Release a job that was previously on hold so it will be submitted to a compute node.

Parameters:

arg (int | list | str) – SLURM integer job id(s) to release. Can be ‘all’ to release all jobs.

static rm(fname)#

Remove a file.

Parameters:

fname (str) – Filename (with path) to remove.

static s(s)#

Format input as str w/ appropriate quote types for python cli entry.

Examples

list, tuple -> “[‘one’, ‘two’]” dict -> “{‘key’: ‘val’}” int, float, None -> ‘0’ str, other -> ‘string’

sbatch(cmd, alloc=None, walltime=None, memory=None, nodes=1, feature=None, name='reV', stdout_path='./stdout', keep_sh=False, conda_env=None, module=None, module_root='/shared-projects/rev/modulefiles')#

Submit a SLURM job via sbatch command and SLURM shell script

Parameters:
  • cmd (str) –

    Command to be submitted in SLURM shell script. Example:

    ‘python -m reV.generation.cli_gen’

  • alloc (str) – HPC project (allocation) handle. Example: ‘rev’. Default is not to state an allocation (does not work on Eagle slurm).

  • walltime (float) – Node walltime request in hours. Default is not to state a walltime (does not work on Eagle slurm).

  • memory (int) – Node memory request in GB.

  • nodes (int) – Number of nodes to use for this sbatch job. Default is 1.

  • feature (str) – Additional flags for SLURM job. Format is “–qos=high” or “–depend=[state:job_id]”. Default is None.

  • name (str) – SLURM job name.

  • stdout_path (str) – Path to print .stdout and .stderr files.

  • keep_sh (bool) – Boolean to keep the .sh files. Default is to remove these files after job submission.

  • conda_env (str) – Conda environment to activate

  • module (bool) – Module to load

  • module_root (str) – Path to module root to load

Returns:

  • out (str) – sbatch standard output, if submitted successfully, this is the slurm job id.

  • err (str) – sbatch standard error, this is typically an empty string if the job was submitted successfully.

scancel(arg)#

Cancel a slurm job.

Parameters:

arg (int | list | str) – SLURM integer job id(s) to cancel. Can be a list of integer job ids, ‘all’ to cancel all jobs, or a feature (-p short) to cancel all jobs with a given feature

static scontrol(cmd)#

Submit an scontrol command.

Parameters:

cmd (str) – Command string after “scontrol” word

static submit(cmd, background=False, background_stdout=False)#

Open a subprocess and submit a command.

Parameters:
  • cmd (str) – Command to be submitted using python subprocess.

  • background (bool) – Flag to submit subprocess in the background. stdout stderr will be empty strings if this is True.

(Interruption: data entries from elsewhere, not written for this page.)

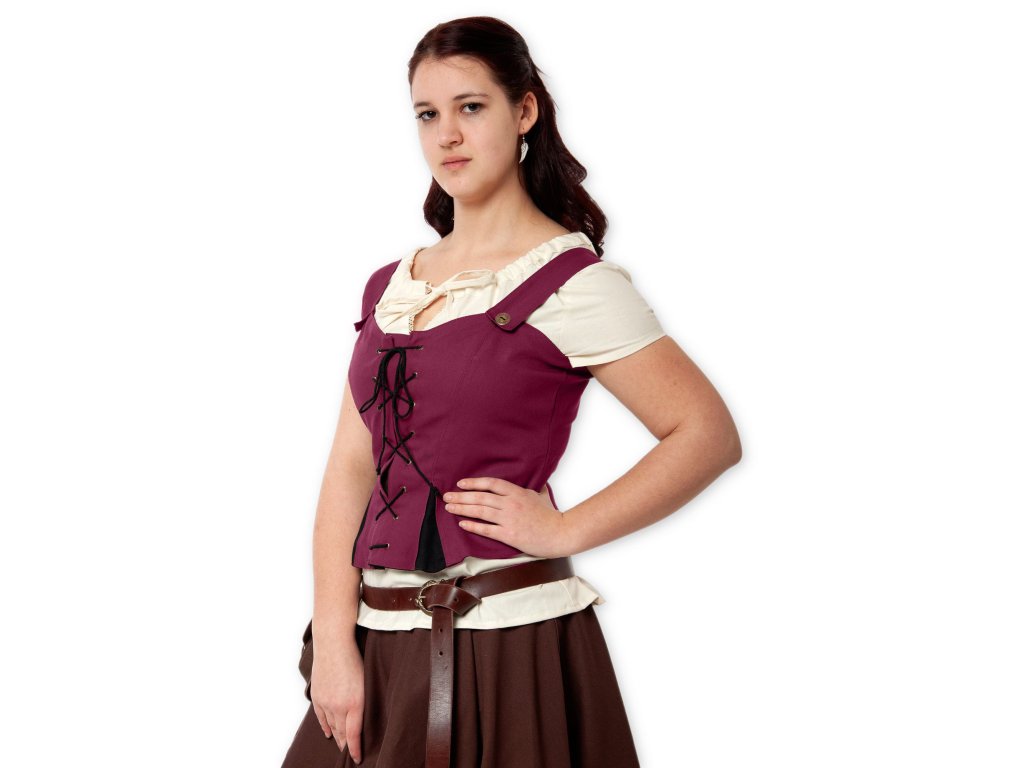 Jednoduchý vypasovaný živůtek ve vínové barvě, opatřený předním i zadním šněrováním. Šikovný doplněk k ženskému kostýmu, který dodá historickému kostýmu šmrnc. S vhodnou blůzou a sukní vytvoříte parádní komplet na jakoukoli akci. Pro příjemné nošení je živůtek vypodšívkovaný bavlněným plátnem. Více o použitém materiálu se dočtete zde: popis materiálů.Buďte první, kdo napíše příspěvek k této položce.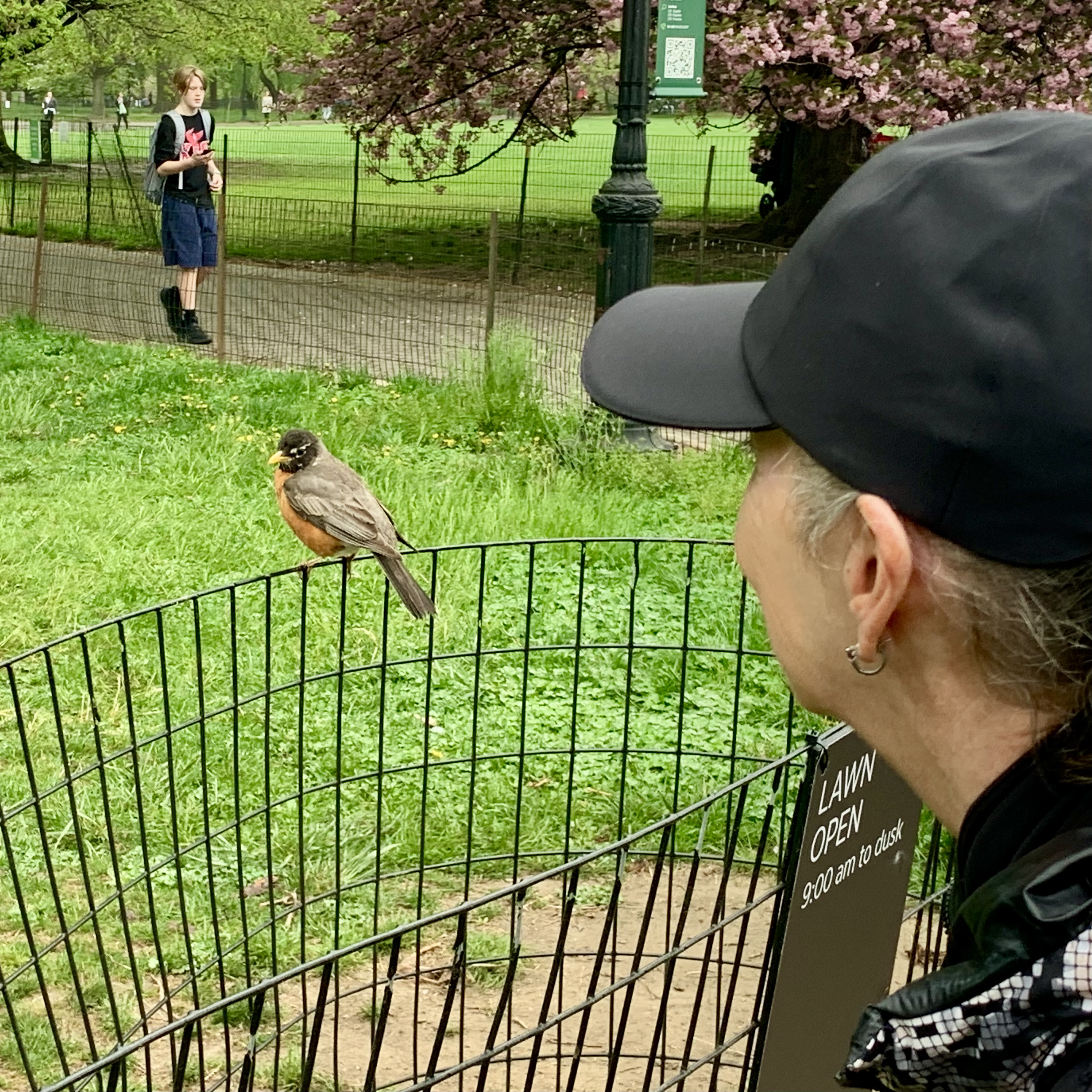 So .. Maria tends to start conversations and make friends with people wherever we are. Doormen, waiters, trumpet players, and birds who seem to be following her as we stroll through the park.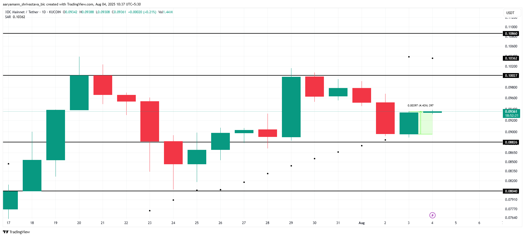 Kuitenkin Parabolic SAR kynttilänjalkojen yläpuolella osoittaa mahdollisen laskusuuntauksen XDC:lle. Jos markkinatunnelma muuttuu karhumaiseksi, hinta voi laskea 0,08826 dollariin. Pudotus tämän tason alle mitätöisi nousunäkymät ja viittaisi lisäriskistä XDC:lle.

  • background_stdout (bool) – Flag to capture the stdout/stderr from the background process in a nohup.out file.

Returns:

  • stdout (str) – Subprocess standard output. This is decoded from the subprocess stdout with rstrip.

  • stderr (str) – Subprocess standard error. This is decoded from the subprocess stderr with rstrip. After decoding/rstrip, this will be empty if the subprocess doesn’t return an error.